▸ **SOURCE DATA**
'''

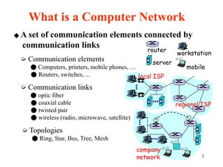 The document provides an introduction to computer networks. It discusses that a network is a set of communication elements like computers, printers, and routers connected by communication links like fiber optic cables. Networks allow sharing of resources and information between users. The key components of a network are its topology, hardware, software, and applications. Common network topologies include ring, star, bus, tree and mesh configurations.
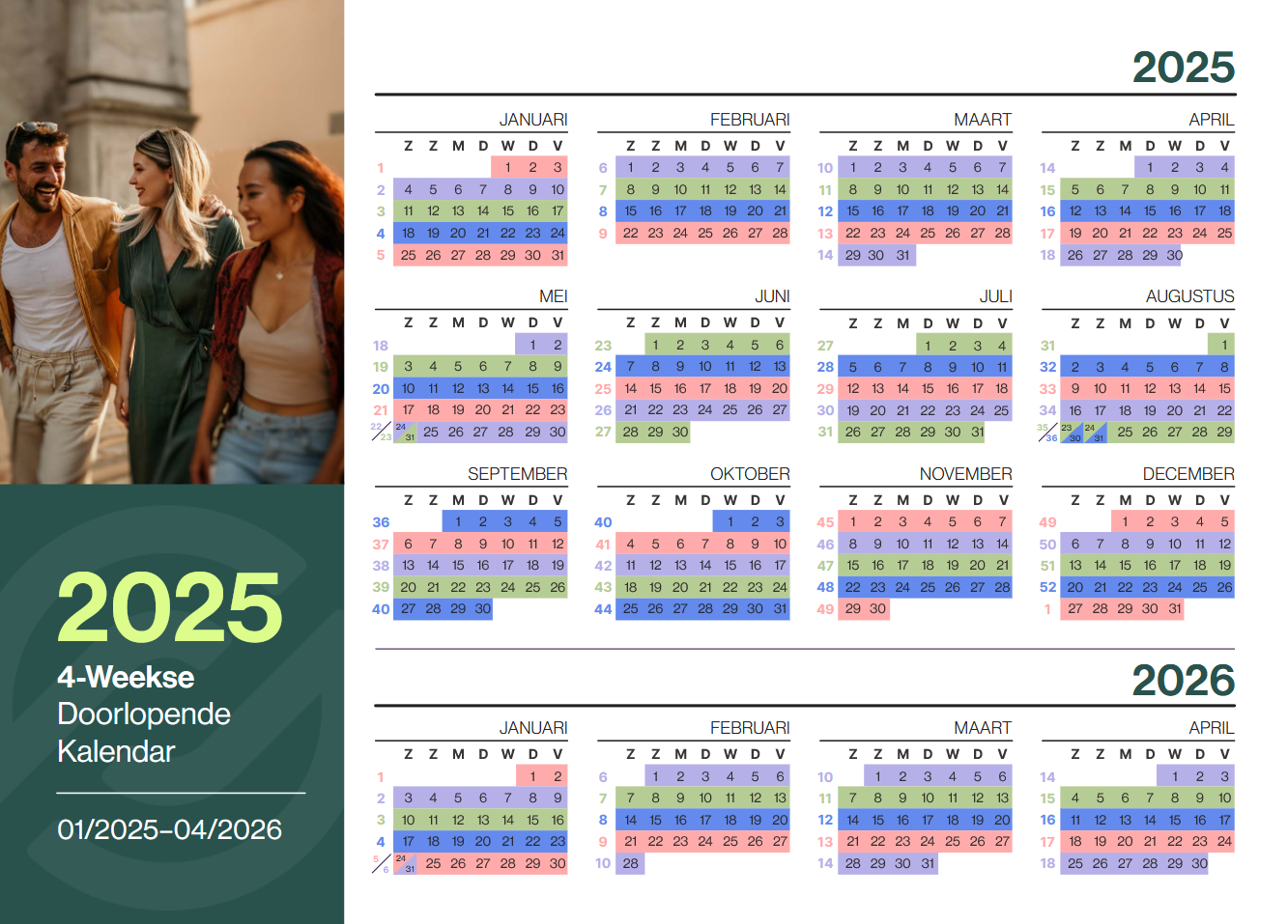 Dit is de Rolling Kalender voor 2025 die je kunt gebruiken om het beste moment voor je 4-weekse Abonnement bestelling te bepalen.
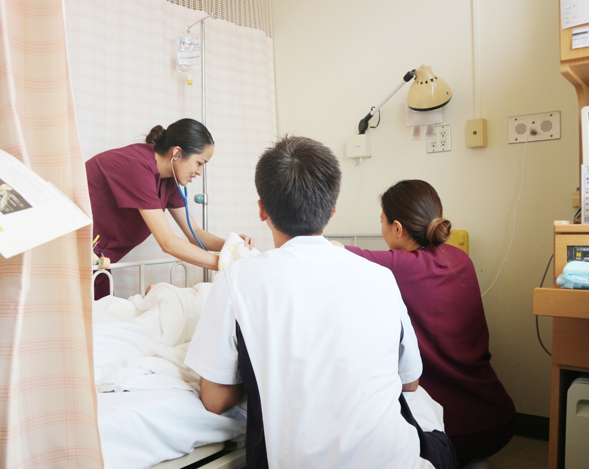 講義では、問診から始まり、頭頸部・胸部・胃部・腹部・外皮系・神経系・電解質のアセスメントに関する基礎的な知識について学び、臨床実習では、実際に入院患者さんと対面しフィジカルアセスメントを行い、意見を出し合い看護問題を抽出しました。

'''

▸ **WORK ORDER**
From the line containing "Dit is de Rolling" down to the last line of the data above, transcribe exactly those lines and no others; omit the pictures.

▸ **ANSWER SECTION**
 Dit is de Rolling Kalender voor 2025 die je kunt gebruiken om het beste moment voor je 4-weekse Abonnement bestelling te bepalen.
 講義では、問診から始まり、頭頸部・胸部・胃部・腹部・外皮系・神経系・電解質のアセスメントに関する基礎的な知識について学び、臨床実習では、実際に入院患者さんと対面しフィジカルアセスメントを行い、意見を出し合い看護問題を抽出しました。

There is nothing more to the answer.